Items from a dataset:
----------

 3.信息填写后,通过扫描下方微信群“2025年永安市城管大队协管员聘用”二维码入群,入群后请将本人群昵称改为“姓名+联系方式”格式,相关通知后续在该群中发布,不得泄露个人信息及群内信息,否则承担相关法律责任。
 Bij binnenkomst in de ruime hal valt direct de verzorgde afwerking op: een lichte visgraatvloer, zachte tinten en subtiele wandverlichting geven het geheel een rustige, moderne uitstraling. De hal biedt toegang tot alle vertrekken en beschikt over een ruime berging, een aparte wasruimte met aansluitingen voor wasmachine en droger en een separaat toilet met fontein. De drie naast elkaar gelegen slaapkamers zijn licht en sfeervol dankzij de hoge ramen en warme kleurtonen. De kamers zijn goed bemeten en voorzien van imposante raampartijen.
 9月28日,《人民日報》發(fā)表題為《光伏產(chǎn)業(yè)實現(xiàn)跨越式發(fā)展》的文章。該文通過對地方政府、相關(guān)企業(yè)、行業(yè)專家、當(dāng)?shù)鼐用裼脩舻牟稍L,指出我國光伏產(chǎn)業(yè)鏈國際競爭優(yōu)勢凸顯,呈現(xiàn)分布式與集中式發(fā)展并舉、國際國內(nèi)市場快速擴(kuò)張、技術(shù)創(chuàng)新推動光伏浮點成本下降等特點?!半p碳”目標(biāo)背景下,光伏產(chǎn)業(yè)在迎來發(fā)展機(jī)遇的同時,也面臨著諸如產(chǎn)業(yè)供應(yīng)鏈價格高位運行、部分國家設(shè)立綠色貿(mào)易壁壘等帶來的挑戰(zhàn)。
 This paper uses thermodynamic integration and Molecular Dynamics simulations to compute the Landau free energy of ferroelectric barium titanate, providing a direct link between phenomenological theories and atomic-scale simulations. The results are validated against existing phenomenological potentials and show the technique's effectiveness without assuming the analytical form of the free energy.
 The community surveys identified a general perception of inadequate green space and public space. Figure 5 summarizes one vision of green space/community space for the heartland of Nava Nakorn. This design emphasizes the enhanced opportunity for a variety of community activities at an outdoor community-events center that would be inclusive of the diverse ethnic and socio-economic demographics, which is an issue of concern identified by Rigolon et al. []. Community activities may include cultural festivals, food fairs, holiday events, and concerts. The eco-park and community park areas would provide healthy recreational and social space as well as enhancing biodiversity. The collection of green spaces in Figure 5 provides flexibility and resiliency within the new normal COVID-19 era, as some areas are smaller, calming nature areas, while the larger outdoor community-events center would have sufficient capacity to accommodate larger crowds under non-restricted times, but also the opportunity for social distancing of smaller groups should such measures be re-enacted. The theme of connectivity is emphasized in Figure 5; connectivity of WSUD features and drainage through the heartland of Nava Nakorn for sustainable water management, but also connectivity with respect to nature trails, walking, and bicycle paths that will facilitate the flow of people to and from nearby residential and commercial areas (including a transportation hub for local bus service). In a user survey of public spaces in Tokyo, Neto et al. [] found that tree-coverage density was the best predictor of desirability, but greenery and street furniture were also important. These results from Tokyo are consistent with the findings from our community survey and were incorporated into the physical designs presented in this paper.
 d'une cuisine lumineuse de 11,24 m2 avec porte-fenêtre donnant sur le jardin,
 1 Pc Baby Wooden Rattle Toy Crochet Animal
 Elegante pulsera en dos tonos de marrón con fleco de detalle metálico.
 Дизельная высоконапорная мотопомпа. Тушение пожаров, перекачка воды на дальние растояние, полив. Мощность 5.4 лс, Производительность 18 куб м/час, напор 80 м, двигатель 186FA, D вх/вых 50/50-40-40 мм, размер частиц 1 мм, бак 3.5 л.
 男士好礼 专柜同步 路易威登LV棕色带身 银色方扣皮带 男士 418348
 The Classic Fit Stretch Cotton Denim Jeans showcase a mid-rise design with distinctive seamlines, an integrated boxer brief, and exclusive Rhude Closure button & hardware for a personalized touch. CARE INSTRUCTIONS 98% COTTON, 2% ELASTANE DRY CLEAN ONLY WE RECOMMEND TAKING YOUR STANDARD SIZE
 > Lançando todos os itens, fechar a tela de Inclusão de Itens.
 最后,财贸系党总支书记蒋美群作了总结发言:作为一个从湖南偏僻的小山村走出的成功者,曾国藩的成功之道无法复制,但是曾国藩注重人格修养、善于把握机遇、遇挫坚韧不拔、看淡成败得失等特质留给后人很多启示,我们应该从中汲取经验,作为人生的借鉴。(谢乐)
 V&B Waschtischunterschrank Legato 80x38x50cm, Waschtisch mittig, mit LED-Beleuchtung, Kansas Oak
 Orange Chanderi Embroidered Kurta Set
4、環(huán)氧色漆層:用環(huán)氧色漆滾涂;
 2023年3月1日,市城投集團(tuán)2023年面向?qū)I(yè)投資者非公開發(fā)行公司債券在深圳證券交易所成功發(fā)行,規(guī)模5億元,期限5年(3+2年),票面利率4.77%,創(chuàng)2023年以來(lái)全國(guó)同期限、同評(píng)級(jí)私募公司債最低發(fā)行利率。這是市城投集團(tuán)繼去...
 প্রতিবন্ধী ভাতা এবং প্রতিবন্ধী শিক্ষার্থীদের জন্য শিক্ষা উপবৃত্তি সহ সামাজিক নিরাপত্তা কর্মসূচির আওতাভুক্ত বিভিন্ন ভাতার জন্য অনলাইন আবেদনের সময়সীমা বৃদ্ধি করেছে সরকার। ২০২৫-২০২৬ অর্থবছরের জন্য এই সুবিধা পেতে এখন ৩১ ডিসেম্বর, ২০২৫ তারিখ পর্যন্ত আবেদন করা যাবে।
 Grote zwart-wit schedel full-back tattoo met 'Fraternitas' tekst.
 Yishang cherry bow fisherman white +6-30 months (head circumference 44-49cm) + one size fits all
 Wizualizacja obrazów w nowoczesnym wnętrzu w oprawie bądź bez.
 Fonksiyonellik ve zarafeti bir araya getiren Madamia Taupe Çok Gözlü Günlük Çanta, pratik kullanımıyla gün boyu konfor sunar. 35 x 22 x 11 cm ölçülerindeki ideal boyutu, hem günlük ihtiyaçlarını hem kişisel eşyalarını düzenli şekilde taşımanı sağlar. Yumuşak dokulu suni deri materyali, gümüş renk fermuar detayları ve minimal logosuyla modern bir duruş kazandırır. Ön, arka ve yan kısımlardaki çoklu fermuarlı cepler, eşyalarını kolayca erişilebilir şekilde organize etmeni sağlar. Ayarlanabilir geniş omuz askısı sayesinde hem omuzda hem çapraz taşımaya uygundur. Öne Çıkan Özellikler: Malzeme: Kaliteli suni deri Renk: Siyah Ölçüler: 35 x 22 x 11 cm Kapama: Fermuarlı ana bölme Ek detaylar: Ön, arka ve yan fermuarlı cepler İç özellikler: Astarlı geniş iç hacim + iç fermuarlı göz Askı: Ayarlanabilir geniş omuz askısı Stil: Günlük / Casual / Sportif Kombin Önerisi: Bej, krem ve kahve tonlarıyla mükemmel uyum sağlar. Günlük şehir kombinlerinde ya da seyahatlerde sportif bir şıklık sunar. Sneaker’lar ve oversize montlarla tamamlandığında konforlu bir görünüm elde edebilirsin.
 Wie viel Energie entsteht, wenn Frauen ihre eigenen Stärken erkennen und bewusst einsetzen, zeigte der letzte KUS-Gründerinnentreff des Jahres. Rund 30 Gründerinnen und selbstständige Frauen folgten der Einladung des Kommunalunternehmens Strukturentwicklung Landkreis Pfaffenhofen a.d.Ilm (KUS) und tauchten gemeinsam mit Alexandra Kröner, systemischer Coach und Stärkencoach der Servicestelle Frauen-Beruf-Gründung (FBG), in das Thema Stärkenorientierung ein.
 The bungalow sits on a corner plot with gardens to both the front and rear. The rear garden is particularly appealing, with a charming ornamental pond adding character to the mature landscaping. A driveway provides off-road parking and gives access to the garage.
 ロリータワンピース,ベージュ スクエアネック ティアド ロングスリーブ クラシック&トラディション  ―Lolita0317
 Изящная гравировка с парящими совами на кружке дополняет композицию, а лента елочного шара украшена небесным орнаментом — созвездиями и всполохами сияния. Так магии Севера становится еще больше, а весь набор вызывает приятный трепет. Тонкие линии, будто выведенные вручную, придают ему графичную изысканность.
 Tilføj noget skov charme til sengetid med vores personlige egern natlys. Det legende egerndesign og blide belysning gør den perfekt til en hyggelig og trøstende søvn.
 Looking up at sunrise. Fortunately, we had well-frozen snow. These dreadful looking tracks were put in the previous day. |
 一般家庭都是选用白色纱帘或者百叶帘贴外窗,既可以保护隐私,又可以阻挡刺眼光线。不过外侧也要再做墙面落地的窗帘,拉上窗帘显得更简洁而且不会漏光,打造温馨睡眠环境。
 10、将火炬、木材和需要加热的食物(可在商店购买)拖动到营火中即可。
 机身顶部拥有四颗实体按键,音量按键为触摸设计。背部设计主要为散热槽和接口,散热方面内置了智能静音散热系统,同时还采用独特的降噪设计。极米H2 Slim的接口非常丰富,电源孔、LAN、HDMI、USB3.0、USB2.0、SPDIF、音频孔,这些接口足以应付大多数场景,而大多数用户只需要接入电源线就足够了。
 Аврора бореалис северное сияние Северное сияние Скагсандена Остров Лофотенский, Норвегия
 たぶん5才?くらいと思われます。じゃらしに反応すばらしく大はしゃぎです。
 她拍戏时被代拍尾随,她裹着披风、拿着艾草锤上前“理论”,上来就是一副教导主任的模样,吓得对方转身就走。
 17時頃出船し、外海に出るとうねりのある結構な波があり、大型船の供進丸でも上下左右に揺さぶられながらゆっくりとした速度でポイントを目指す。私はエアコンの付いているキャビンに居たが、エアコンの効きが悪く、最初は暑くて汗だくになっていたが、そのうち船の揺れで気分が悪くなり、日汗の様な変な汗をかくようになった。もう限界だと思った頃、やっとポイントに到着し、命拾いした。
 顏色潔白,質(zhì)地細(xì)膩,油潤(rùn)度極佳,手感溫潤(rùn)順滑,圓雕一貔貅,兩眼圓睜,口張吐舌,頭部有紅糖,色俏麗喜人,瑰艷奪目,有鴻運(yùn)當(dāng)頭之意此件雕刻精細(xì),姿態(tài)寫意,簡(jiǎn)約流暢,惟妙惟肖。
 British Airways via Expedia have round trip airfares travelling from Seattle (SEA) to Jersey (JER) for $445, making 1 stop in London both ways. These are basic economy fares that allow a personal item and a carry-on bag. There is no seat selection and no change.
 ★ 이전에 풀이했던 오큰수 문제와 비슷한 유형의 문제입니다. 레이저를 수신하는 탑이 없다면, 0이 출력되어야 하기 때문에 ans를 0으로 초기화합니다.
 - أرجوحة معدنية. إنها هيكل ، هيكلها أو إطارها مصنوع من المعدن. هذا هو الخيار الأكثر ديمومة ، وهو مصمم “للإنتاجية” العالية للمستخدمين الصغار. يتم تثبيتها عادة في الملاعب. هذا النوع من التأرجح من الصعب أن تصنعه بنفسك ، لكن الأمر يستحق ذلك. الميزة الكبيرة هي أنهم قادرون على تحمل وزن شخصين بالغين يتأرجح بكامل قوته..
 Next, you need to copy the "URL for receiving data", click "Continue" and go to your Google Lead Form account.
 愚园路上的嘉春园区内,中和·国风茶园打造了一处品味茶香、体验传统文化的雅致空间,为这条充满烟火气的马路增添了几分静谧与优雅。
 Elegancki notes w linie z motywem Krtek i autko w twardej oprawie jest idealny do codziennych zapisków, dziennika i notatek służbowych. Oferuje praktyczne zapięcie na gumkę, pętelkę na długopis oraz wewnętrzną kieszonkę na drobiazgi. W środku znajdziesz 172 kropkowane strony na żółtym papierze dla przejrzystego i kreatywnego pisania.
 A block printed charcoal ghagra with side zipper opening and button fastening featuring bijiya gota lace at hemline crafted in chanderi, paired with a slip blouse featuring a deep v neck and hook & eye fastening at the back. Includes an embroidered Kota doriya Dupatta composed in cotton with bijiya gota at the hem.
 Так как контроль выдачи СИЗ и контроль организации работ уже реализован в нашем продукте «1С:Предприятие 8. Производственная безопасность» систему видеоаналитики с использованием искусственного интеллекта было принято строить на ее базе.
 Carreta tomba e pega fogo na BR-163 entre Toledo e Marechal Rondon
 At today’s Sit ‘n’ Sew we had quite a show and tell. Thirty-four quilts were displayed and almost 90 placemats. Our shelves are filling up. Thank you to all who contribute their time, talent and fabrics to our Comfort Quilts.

----------

- What this task involves
The entries above hold the needed span. Transcribe exactly the lines from the one with "1 Pc Baby Wooden Rattle Toy Crochet Animal" to the one with "男士好礼 专柜同步 路易威登LV棕色带身 银色方扣皮带 男士 418348", both included.

- Result for this task
 1 Pc Baby Wooden Rattle Toy Crochet Animal
 Elegante pulsera en dos tonos de marrón con fleco de detalle metálico.
 Дизельная высоконапорная мотопомпа. Тушение пожаров, перекачка воды на дальние растояние, полив. Мощность 5.4 лс, Производительность 18 куб м/час, напор 80 м, двигатель 186FA, D вх/вых 50/50-40-40 мм, размер частиц 1 мм, бак 3.5 л.
 男士好礼 专柜同步 路易威登LV棕色带身 银色方扣皮带 男士 418348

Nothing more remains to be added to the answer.